Build a custom (6x6 is used for illustration and explanation purposes) Tic Tac Toe using Reinforcement Learning Techniques
Compared to 3x3 Tic Tac Toe, 6x6 is sparse. It has only 14 winning positions for the players. Winning positions are depicted as follows.
Represents the state of the board in a string format A random state of the board as below is represented as xeexeeeeoeeoxeeoeeoeeexeexeeeeeeeeeo where
- ‘e’ means empty
- ‘x’ means RL player
- ‘o’ means opponent
As a normal Tic-Tac-Toe game, board is initialized as all empty ‘eeeeeeeeeeeeeeeeeeeeeeeeeeeeeeeeeeee’ and one of the players start the game. Players play alternately, until either of them win or the both draw. At each slot (representative of time), the player playing in the slot can make a move by placing his/her move in any of the empty slots.
Minimize the opponent’s win. This objective is chosen because of the high probability of a draws(tie). The right measure of learning will be the ability to reduce the number of times opponent won.
RL agent, Random player, and Judge are present in the framework.
Random player is the opponent to the RL agent. Random Player, as the name suggests plays randomly, by choosing one of the available empty slot as the move.
Judge has the following responsibilities.
- Decide which player starts the game (Gives chance to each player in alternative games)
- Regulate the game (whose turn when, as per the tic tac toe rules, alternative again)
- Evaluate the winner (Judge also intelligently declares the draw, even before all the empty slots get exhausted, if it detects there is no possibility of winning by any of the players)

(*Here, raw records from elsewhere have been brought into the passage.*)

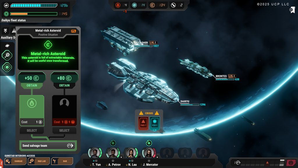 O vídeo de anúncio e as primeiras imagens demonstram não só a clara evolução do sistema que a Alt Shift usou em “Crying Suns”, mas também uma forte inspiração em “Faster Than Light”. O que me chamou bastante a atenção é que, ao contrário dos jogos citados, “Battlestar Galactica: Scattered Hopes” conta com situações especiais e eventos que podem ocorrer no meio da batalha. Você pode, por exemplo, tomar um dano crítico a um dos seus sistemas vitais e ter que recorrer a usar um dos recursos da sua frota para evitar que ele seja completamente destruído.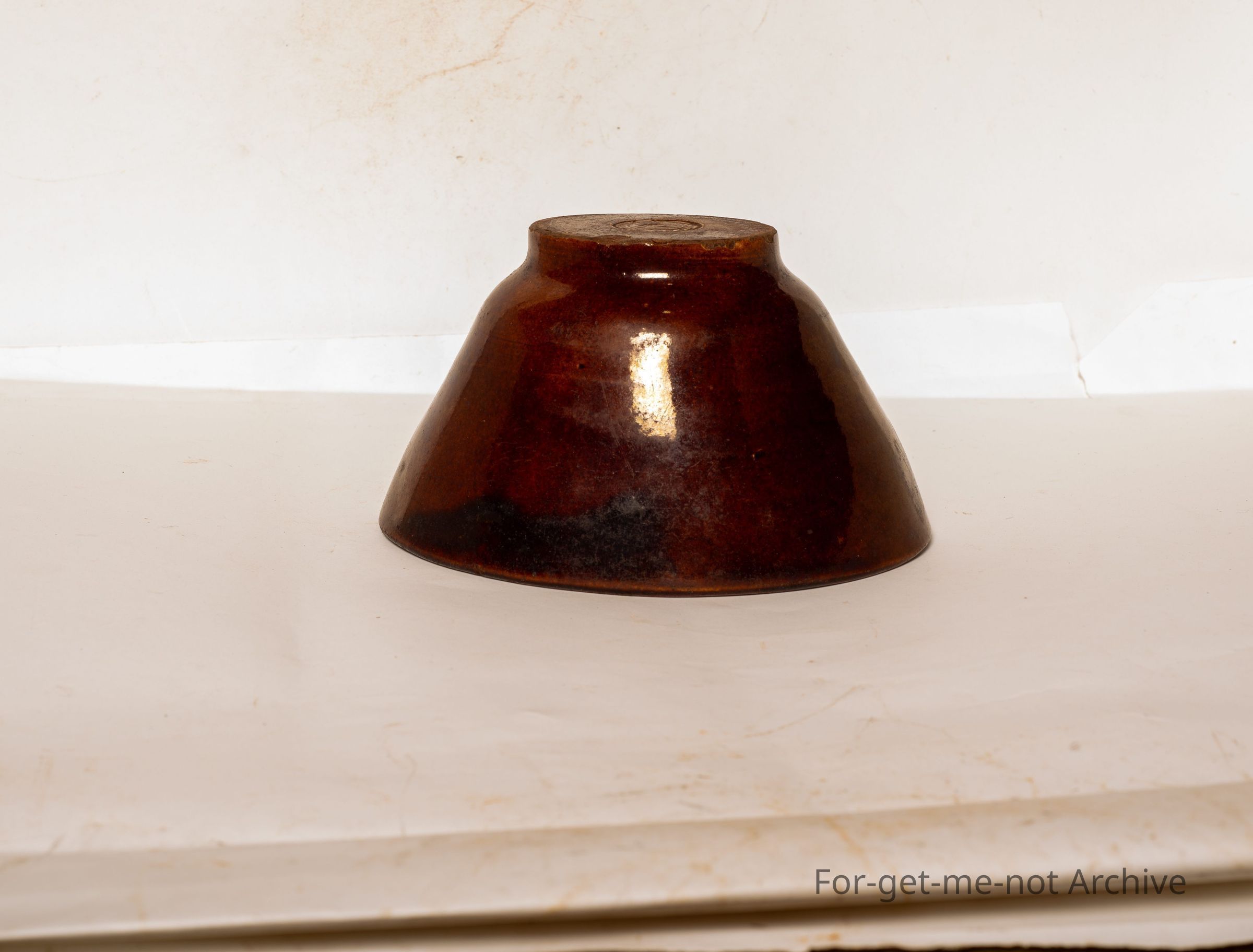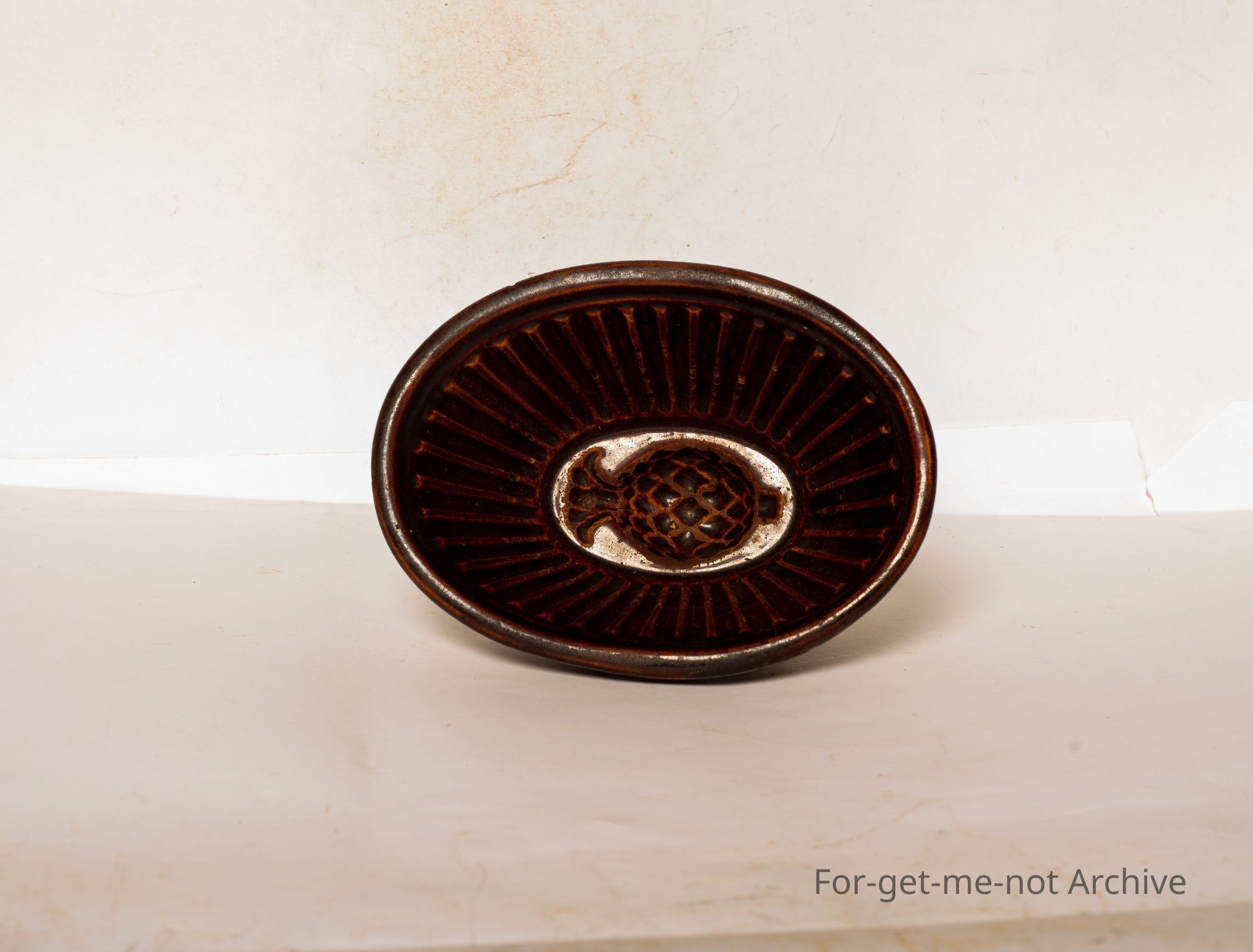 This is, Studio Pottery, Graduation, this is a jelly mold, very deep brown glaze which signifies Lithgow. It has a wonderful kangaroo stamp on the base stating trademark. This is a very early piece in good condition and, a pineapple shape in the floor of the jelly mold. Right.Collection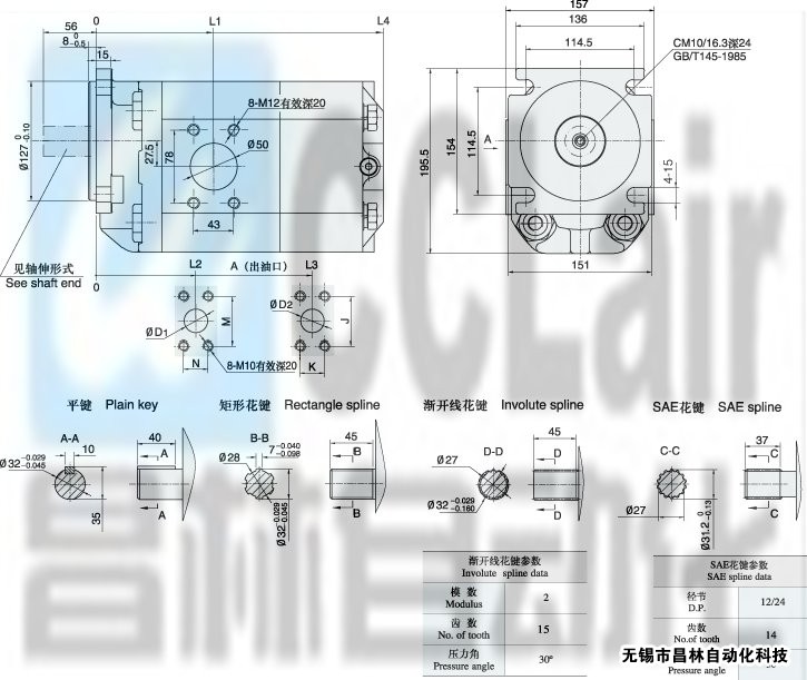 : SAE花鍵 H: 矩形花鍵 X: 漸開線花鍵

- Notify both the players about the end of the game and who is the winner
- Keep the statistics for evaluating the performance
- Win: 1
- Draw: -1
- Loss: -10
- Any action leading to none of the above, results in 0 reward
After each episode, RL agent updates the value function using Monte Carlo updates. TD method is unnecessary here, as none of the states get repeated in an episode.
-
Make use of symmetry of Tic – Tac – Toe board One game has 5 alternatives, which corresponds to
-
Learn from opponent’s moves On top of self-movements leading to win, loss, draw, we also can learn from opponent’s moves Refer function update_values in the code for the details
Thus, every episode leads to x12 times learning, implies 12 times updating of value function of states involved in those learning paths
- Section# Dependencies: Lists out the required libraries as well as the package version requirements
- Section# Change the dimension of the board here. The same code can be used for any dimension of Tic-Tac-Toe
- Section# Transform Dictionary: Function to transform the Tic-Tac-Toe board to 6 transformations
- Section# Import the previous learning: Open with previous learning (which is saved at the end)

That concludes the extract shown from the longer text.